Гитлер ответил, что он не верит в то, что бюджет будет настолько урезан, и еще раз указал на необходимость скорейшего перевооружения флота: «В случае необходимости мы должны вынудить доктора Лея перевести 120—150 миллионов из Рабочего фронта в распоряжение флота... позже, во время разговора с министром Герингом и мной, он развил эту мысль, указывая, что переустройство флота в запланированные сроки является жизненной необходимостью, так как войну в принципе нельзя проводить, если флот не может обеспечить транспортировку руды из Скандинавии.

Когда я обратил его внимание на желательность обладать шестью уже полностью собранными подводными лодками в связи с критической политической ситуацией первого квартала 1935 года, он сказал, что будет иметь это в виду, и приказал мне начинать их строительство, как только положение это позволит (заметка на полях: “Если бы мне не был отдан такой приказ, первые лодки были бы спущены на воду в соответствие с планом в июне 35-го”)».

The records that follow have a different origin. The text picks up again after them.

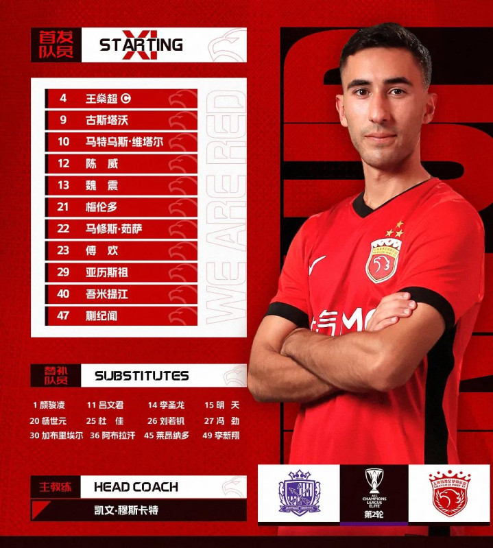 上海海港主帅穆斯卡特排出了4外援的杆位,古斯塔沃、茹萨、维塔尔与梅伦多联袂登场,小将蒯纪闻迎来亚冠首秀。
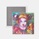 Colourful,vibrant and whimsical watercolor painting in bright red,yellow,blue,white,purple colours inspired from Carnival of Venice and Commedia dell'Arte.
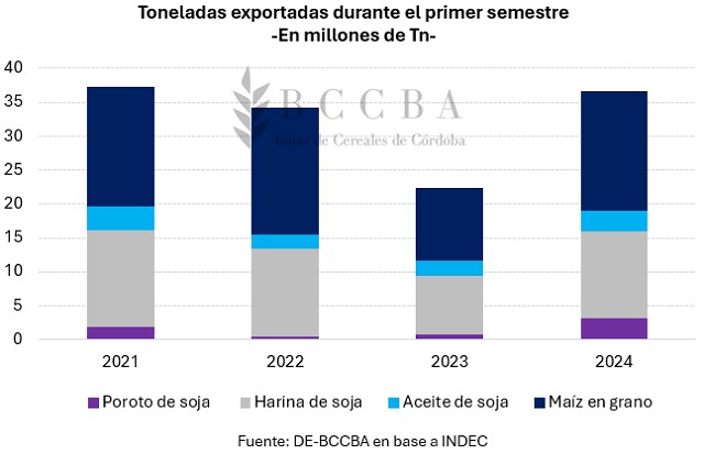 Hasta junio, se han exportado aproximadamente 36,5 millones de toneladas, sumando las toneladas comercializadas por el complejo sojero (porotos, aceite y harina) y el maíz en grano. Dicho volumen, representa un incremento del 65% respecto los primeros seis meses del 2023, superando además, los 34 millones de toneladas exportadas durante el primer semestre del 2022, periodo en el cual se produjo el mayor ingreso de divisas durante el primer semestre de los últimos cuatro años.

Эти записи бросают дополнительный свет на воинственное настроение фюрера в то время, и особенно интересно то, как он, Редер и Геринг обсуждали, как нечто само собой разумеющееся, последствия грядущего публичного аннулирования «версальских оков» — «критической политической ситуации первого квартала 1935 года» — и с полной серьезностью шансы — континентальной войны в ближайшие три-четыре года! И не краткой войны, коли подвоз руды из Скандинавии был «жизненной необходимостью». Также это свидетельствует о том, насколько далеко зашел процесс перевооружения в той стадии, которую Гитлер унаследовал от своих предшественников-республиканцев; он еще и двух лет не провел в своем кресле, а уже планировал развернуть подводное оружие и люфтваффе и рассматривал возможности войны против могущественных противников, которые никогда не разоружались.

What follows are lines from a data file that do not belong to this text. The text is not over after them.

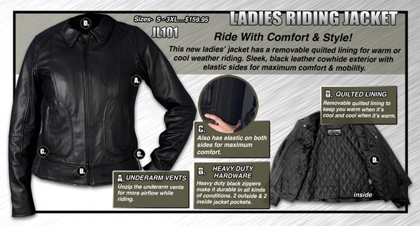 Ride with comfort and style in the new ladies riding jacket. The new ladies jacket has a removable quilted lining and underarm vents to keep you comfortable. Its sleek black leather cowhide exterior with elastic sides, offer riders mobility, style and luxury.
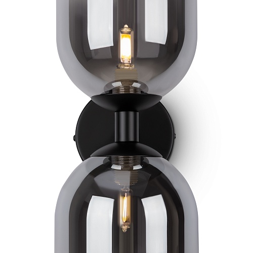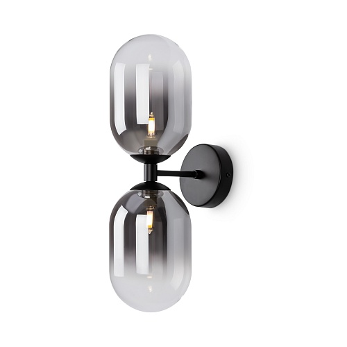 Арматура из металла матового черного цвета. Плафон из стекла с окрасом растяжка. Цвет дымчатый. Модификация — настенные, потолочные и настольные светильники. Источник света — лампа. Цоколь G9.
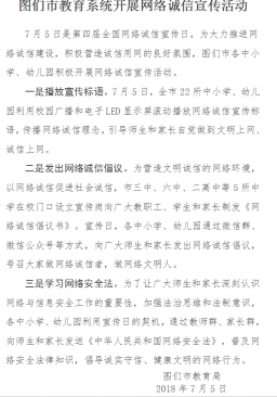 各中小学、幼儿园积极开展网络诚信宣传活动。

Немецкий военно-морской историк Йост Дюльффер полагает, что именно во время этой встречи Гитлер и сказал Редеру, что назрела необходимость для начала переговоров с Великобританией по поводу морского договора, который им нужен. Если это так, то интересно понять, принимал ли Дёниц участие в этом разговоре. Он только что вернулся из Англии; был амбициозным офицером, всегда готовым ринуться вперед. Гитлер не был любителем формальностей и позволял высказывать свое мнение тем, кто имел заграничный опыт, особенно если этой заграницей была Англия, которую он сам никогда не видел, о чем всегда сожалел.

Дёниц записал его слова: «Я всегда хотел провести побольше времени в других странах. К сожалению, мне этого не позволили». Это звучит как отсылка к недавнему круизу Дёница или, может быть, к путешествию Гинденбурга; даже если речь шла о последнем, оно тоже проходило по Британской империи, и сложно представить себе, что верный поклонник Англии не коснулся ее в разговоре.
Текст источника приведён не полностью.